▶ **About this task**
Without any pictures, print the lines below from the one that has "borne Steab opcional)" through the one that has "羽生 玲央馬さんを姓名の画数から五運を鑑定", exactly and nothing else.

**** Data shown ****

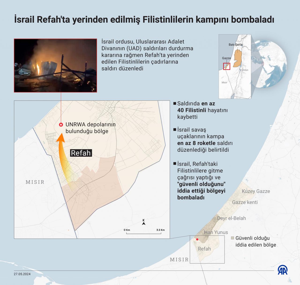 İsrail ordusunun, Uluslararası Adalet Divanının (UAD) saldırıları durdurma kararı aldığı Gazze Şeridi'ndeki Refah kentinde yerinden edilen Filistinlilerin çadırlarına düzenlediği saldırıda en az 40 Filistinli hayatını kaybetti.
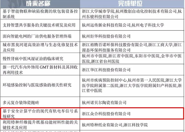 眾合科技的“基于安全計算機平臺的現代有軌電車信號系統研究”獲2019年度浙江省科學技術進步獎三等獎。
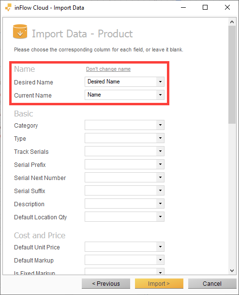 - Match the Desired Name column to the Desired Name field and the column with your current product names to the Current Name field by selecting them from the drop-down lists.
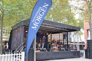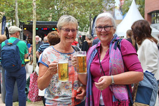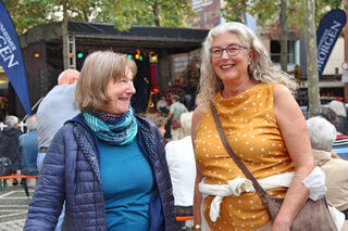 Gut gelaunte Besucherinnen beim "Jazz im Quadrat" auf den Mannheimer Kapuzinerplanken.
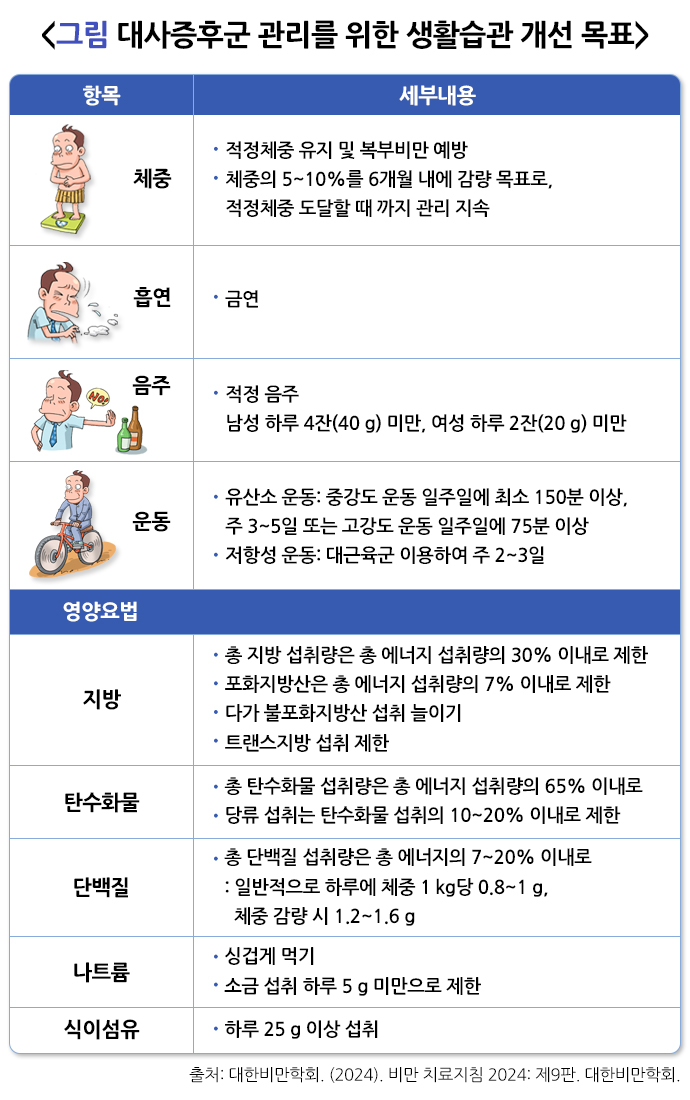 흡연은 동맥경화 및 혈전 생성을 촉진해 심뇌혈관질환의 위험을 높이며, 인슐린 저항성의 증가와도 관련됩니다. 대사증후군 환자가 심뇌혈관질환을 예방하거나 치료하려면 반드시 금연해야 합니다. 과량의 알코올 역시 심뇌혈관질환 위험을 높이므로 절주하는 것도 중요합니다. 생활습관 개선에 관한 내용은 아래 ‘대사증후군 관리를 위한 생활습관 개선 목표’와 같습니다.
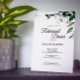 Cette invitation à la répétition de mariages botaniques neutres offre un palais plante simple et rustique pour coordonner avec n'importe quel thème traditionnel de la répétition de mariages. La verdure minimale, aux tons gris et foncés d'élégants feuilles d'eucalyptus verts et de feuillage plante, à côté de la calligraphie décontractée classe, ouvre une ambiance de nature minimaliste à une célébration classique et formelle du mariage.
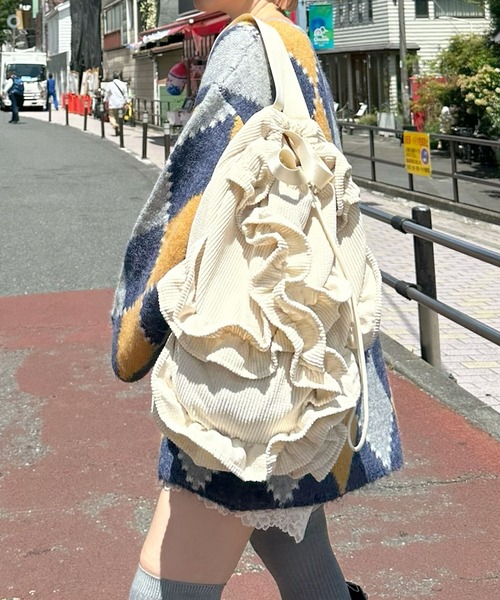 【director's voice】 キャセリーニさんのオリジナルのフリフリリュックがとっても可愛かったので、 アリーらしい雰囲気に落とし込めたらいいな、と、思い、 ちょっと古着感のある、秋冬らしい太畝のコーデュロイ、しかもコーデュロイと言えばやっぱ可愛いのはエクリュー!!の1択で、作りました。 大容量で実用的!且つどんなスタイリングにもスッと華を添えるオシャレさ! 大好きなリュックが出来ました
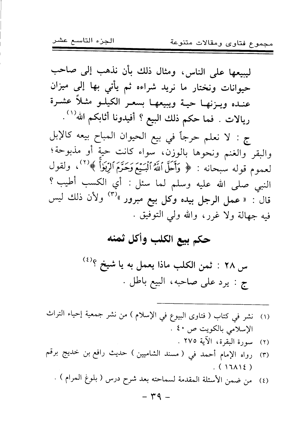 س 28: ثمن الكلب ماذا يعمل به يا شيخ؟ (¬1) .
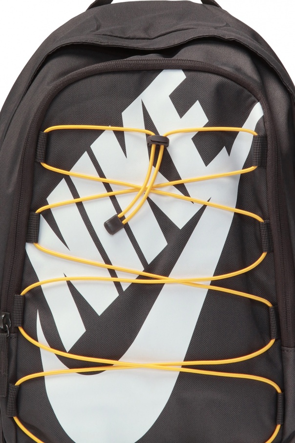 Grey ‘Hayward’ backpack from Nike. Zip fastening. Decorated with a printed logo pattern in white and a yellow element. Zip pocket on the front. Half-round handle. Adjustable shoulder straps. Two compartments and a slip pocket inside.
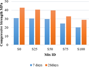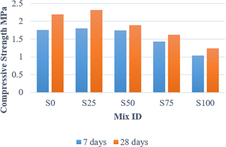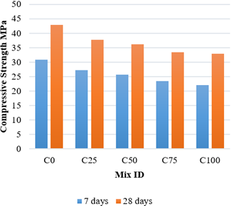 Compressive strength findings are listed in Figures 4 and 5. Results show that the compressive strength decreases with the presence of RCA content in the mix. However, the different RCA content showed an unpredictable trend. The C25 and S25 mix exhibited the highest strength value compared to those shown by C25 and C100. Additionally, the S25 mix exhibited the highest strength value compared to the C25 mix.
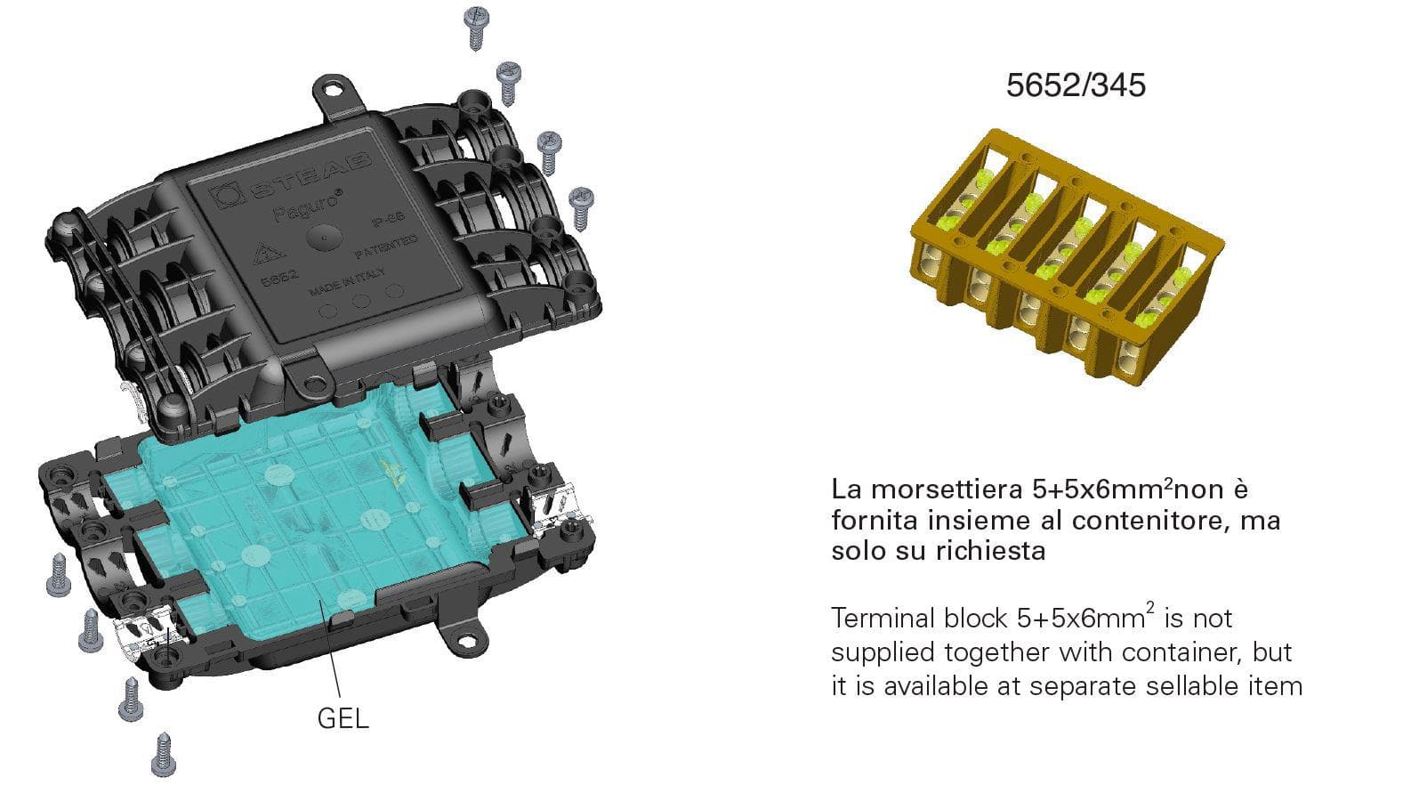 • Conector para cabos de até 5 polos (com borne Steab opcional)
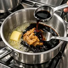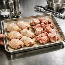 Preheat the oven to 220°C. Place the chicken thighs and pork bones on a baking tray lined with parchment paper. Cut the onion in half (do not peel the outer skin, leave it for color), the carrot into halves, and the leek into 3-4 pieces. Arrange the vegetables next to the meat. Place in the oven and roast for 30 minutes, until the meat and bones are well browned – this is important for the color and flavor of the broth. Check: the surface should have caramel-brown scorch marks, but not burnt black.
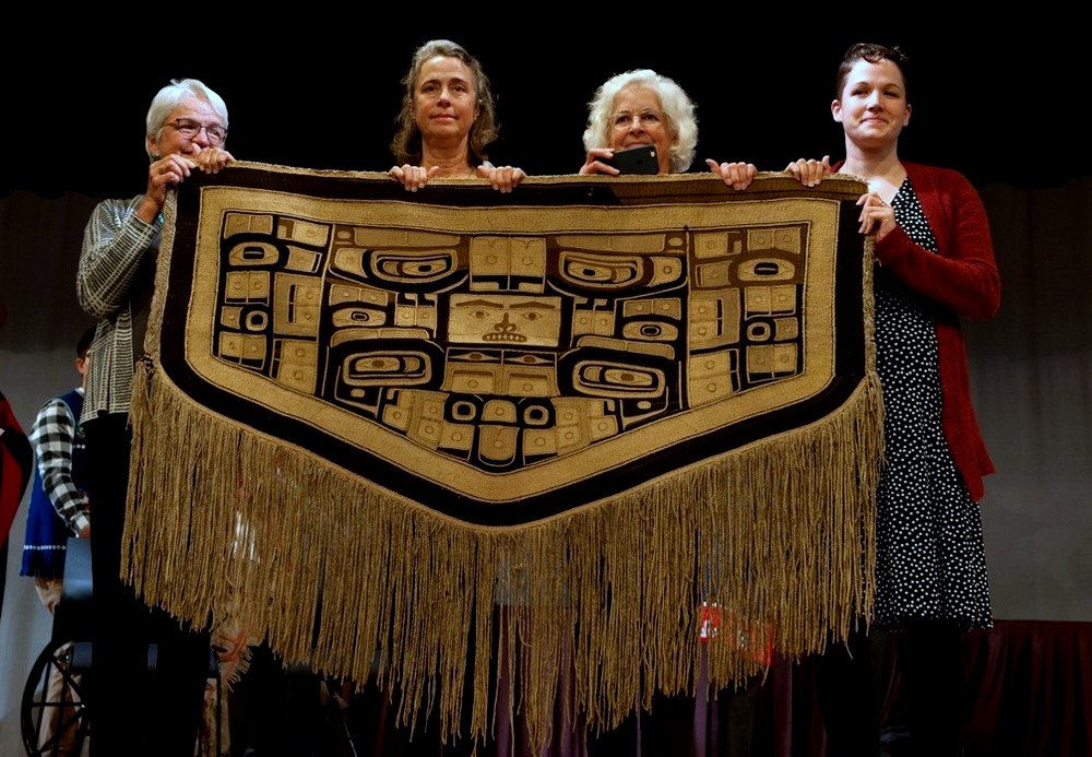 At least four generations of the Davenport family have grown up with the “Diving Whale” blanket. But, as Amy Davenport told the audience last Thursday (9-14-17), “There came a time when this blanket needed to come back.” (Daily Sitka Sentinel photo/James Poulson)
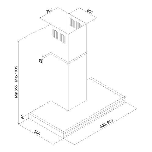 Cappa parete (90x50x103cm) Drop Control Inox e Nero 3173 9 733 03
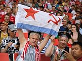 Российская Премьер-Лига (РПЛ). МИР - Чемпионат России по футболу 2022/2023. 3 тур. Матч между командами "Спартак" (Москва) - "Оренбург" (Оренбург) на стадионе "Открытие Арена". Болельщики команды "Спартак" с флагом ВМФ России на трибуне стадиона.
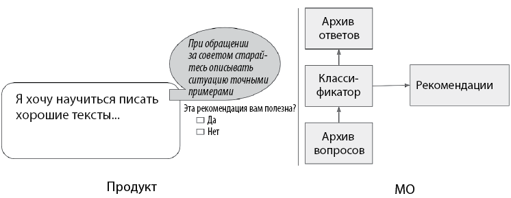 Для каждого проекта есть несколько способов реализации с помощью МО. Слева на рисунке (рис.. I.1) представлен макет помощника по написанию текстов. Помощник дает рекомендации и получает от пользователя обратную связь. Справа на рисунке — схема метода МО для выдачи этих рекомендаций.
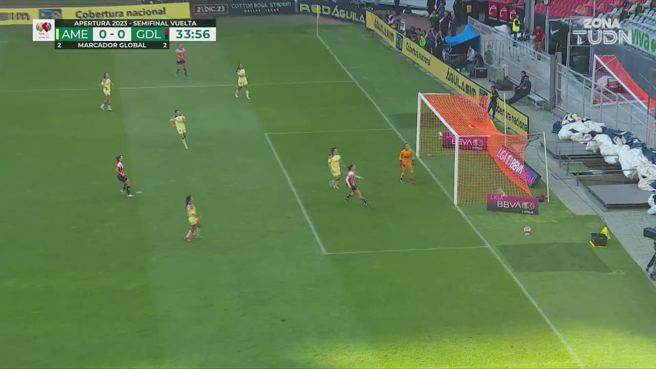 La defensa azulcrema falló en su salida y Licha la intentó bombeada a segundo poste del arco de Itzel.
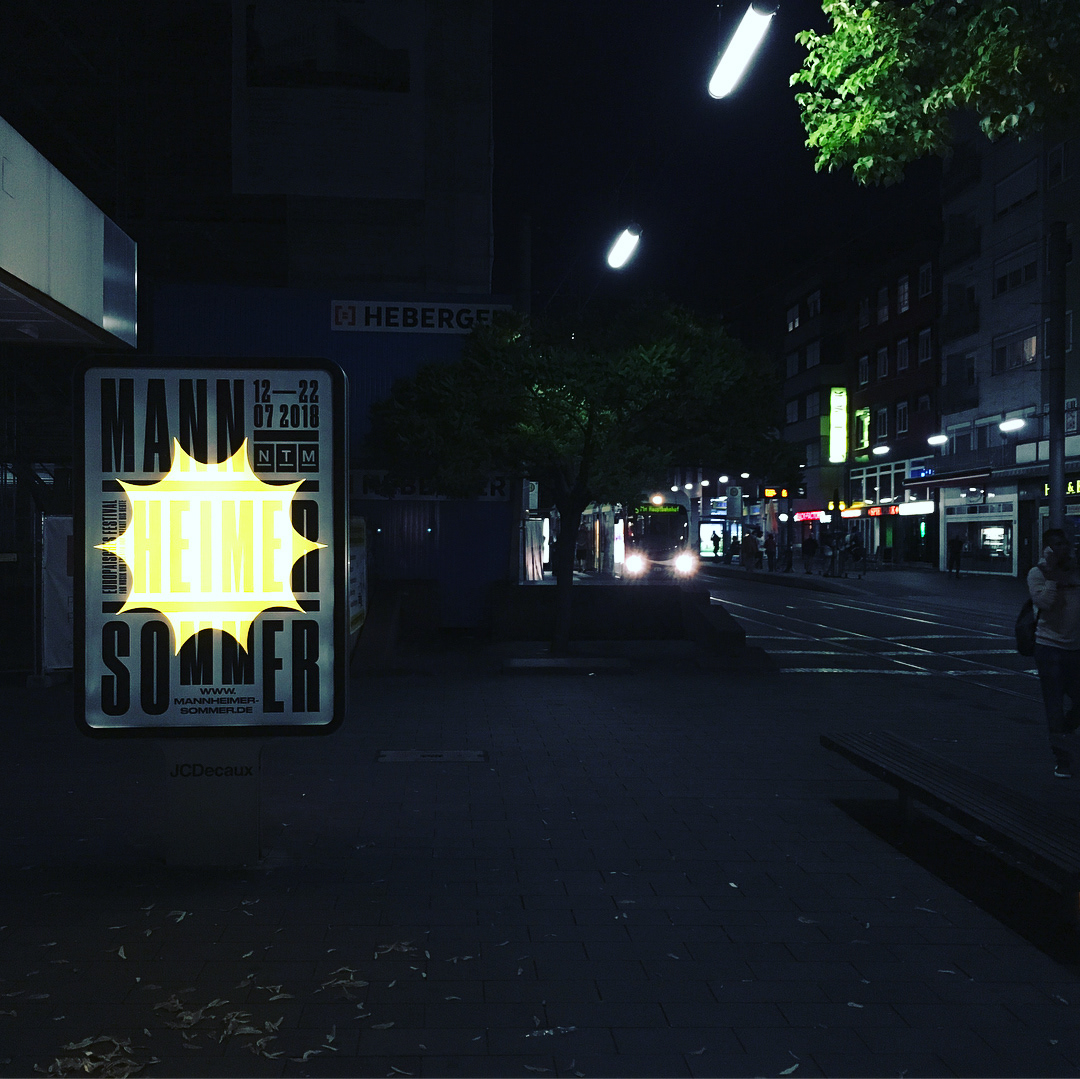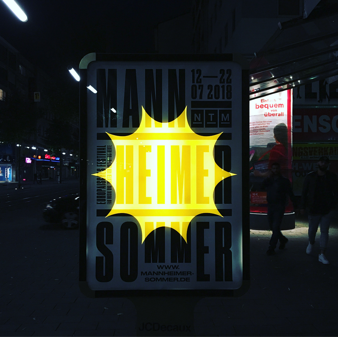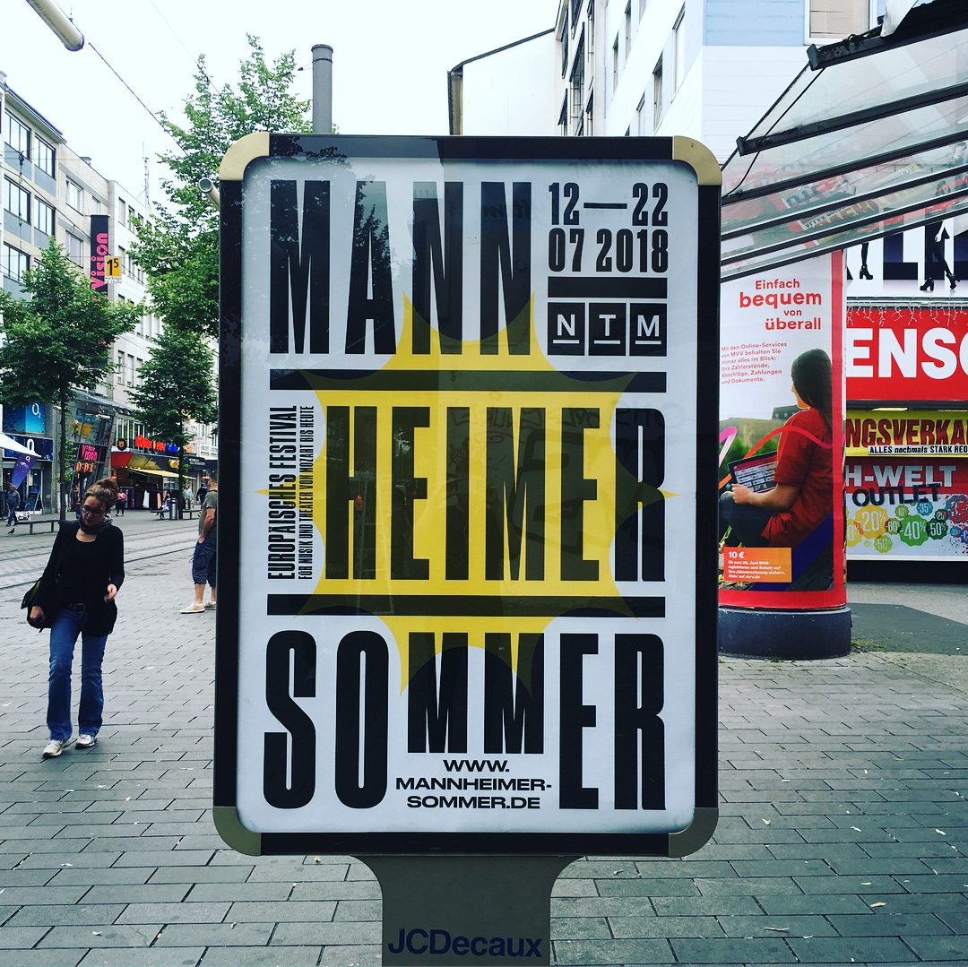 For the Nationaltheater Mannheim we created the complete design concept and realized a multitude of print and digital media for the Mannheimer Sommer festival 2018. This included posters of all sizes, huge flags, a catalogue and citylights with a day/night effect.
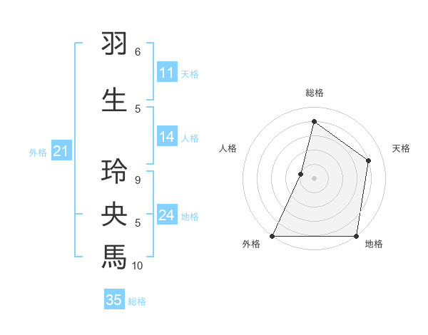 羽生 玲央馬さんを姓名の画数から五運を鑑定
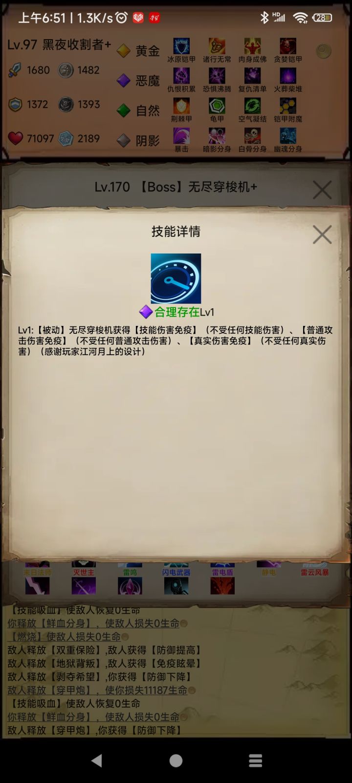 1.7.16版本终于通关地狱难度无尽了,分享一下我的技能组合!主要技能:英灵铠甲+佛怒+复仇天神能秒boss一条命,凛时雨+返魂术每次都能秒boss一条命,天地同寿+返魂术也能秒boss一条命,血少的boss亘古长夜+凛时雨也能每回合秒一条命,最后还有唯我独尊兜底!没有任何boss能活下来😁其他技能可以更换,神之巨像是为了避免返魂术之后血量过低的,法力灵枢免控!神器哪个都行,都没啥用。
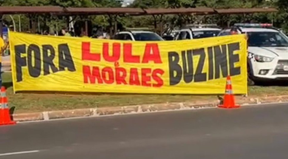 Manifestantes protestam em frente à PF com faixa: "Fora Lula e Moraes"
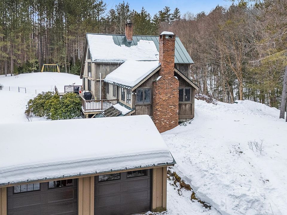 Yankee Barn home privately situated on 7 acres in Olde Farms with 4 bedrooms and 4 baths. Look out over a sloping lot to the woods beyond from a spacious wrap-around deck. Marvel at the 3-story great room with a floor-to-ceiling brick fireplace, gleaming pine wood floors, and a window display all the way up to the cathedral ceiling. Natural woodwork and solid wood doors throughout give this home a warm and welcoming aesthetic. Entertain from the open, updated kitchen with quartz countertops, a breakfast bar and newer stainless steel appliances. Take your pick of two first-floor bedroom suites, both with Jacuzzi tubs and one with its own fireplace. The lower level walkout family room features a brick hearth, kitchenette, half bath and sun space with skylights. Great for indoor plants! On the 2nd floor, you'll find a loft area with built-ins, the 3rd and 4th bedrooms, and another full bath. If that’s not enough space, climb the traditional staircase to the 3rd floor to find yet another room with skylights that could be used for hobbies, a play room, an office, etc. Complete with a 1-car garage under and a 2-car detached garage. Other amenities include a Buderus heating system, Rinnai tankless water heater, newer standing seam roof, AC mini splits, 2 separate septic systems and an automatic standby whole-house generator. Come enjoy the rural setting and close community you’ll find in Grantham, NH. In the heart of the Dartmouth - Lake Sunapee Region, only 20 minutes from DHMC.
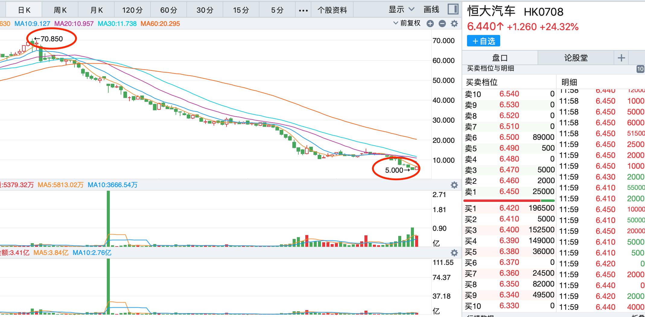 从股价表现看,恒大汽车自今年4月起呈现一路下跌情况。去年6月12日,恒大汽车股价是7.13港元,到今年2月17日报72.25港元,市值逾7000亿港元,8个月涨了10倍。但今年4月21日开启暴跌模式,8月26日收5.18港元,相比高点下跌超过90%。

****

▶ **Answer for this exercise**
 • Conector para cabos de até 5 polos (com borne Steab opcional)
 Preheat the oven to 220°C. Place the chicken thighs and pork bones on a baking tray lined with parchment paper. Cut the onion in half (do not peel the outer skin, leave it for color), the carrot into halves, and the leek into 3-4 pieces. Arrange the vegetables next to the meat. Place in the oven and roast for 30 minutes, until the meat and bones are well browned – this is important for the color and flavor of the broth. Check: the surface should have caramel-brown scorch marks, but not burnt black.
 At least four generations of the Davenport family have grown up with the “Diving Whale” blanket. But, as Amy Davenport told the audience last Thursday (9-14-17), “There came a time when this blanket needed to come back.” (Daily Sitka Sentinel photo/James Poulson)
 Cappa parete (90x50x103cm) Drop Control Inox e Nero 3173 9 733 03
 Российская Премьер-Лига (РПЛ). МИР - Чемпионат России по футболу 2022/2023. 3 тур. Матч между командами "Спартак" (Москва) - "Оренбург" (Оренбург) на стадионе "Открытие Арена". Болельщики команды "Спартак" с флагом ВМФ России на трибуне стадиона.
 Для каждого проекта есть несколько способов реализации с помощью МО. Слева на рисунке (рис.. I.1) представлен макет помощника по написанию текстов. Помощник дает рекомендации и получает от пользователя обратную связь. Справа на рисунке — схема метода МО для выдачи этих рекомендаций.
 La defensa azulcrema falló en su salida y Licha la intentó bombeada a segundo poste del arco de Itzel.
 For the Nationaltheater Mannheim we created the complete design concept and realized a multitude of print and digital media for the Mannheimer Sommer festival 2018. This included posters of all sizes, huge flags, a catalogue and citylights with a day/night effect.
 羽生 玲央馬さんを姓名の画数から五運を鑑定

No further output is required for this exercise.